Die Entwürfe für die Apartments gibt es schon, rund drei bis fünf Millionen Euro wird der Neubau kosten. Für Ulrich Dick eine wichtige Investition in die Zukunft: "Wir wissen, dass in den nächsten Jahren sehr viele altgediente Kolleginnen und Kollegen in den Ruhestand gehen werde. Und allein, um diese Stellen nachzubesetzen, müssen wir umfangreich Personal einstellen. Wir hoffen, uns als Arbeitgeber mit Wohnungen sehr viel attraktiver präsentieren zu können." Gerade im Tief- und Straßenbau fehlten wichtige Arbeitskräfte.
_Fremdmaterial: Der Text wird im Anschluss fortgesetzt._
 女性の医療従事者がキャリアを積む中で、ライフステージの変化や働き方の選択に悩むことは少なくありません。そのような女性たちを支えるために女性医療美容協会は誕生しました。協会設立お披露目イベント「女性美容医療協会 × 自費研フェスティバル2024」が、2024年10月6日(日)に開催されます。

Der Arbeitgeber als Vermieter hat auch Nachteile
Auch die Gewerkschaften wünschen sich ein größeres Angebot an Dienstwohnungen. Und das, obwohl sich der Arbeitnehmer natürlich in eine größere Abhängigkeit begebe, erklärt Ludwin Debong, Vorsitzender des Deutschen Gewerkschaftsbunds (DGB) Allgäu. Sicherlich werde es für den Beschäftigten damit deutlich schwieriger, sich eine andere Arbeit zu suchen oder den Arbeitgeber zu wechseln. In der jetzigen Situation aber würden die Vorteile ganz deutlich überwiegen.
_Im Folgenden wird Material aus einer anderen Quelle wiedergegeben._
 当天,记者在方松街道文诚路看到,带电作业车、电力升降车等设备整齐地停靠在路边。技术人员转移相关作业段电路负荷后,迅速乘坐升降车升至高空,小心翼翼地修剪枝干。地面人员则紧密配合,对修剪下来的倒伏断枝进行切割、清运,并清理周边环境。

Denn Wohnen werde langsam zum Luxus, die Mietpreisentwicklung kenne seit Jahren nur eine Richtung: steil nach oben. Gleichzeitig hätten die jüngsten Krisen wie Corona und Ukraine-Krieg dazu geführt, dass Wohnungsbaugesellschaften sehr zurückhaltend seien und kaum noch neue Wohnungen bauten. "Die Lage ist katastrophal und jede Mietwohnung hilft", sagt Debong.
Neue Anreize für Unternehmen?
Umso wichtiger sei es, die Unternehmen in ihrem Bemühen, neue Mitarbeiterwohnungen zu bauen, auch zu unterstützen, betont Björn Athmer von der IHK. Neben einem Abbau der Bürokratie brauche es vor allem Anreize, "vielleicht auch steuerlich investiver Art".
Würden Betriebe mehr Werkswohnungen bauen, führe das langfristig auch zu einer Entlastung auf dem insgesamt angespannten Mietwohnungsmarkt.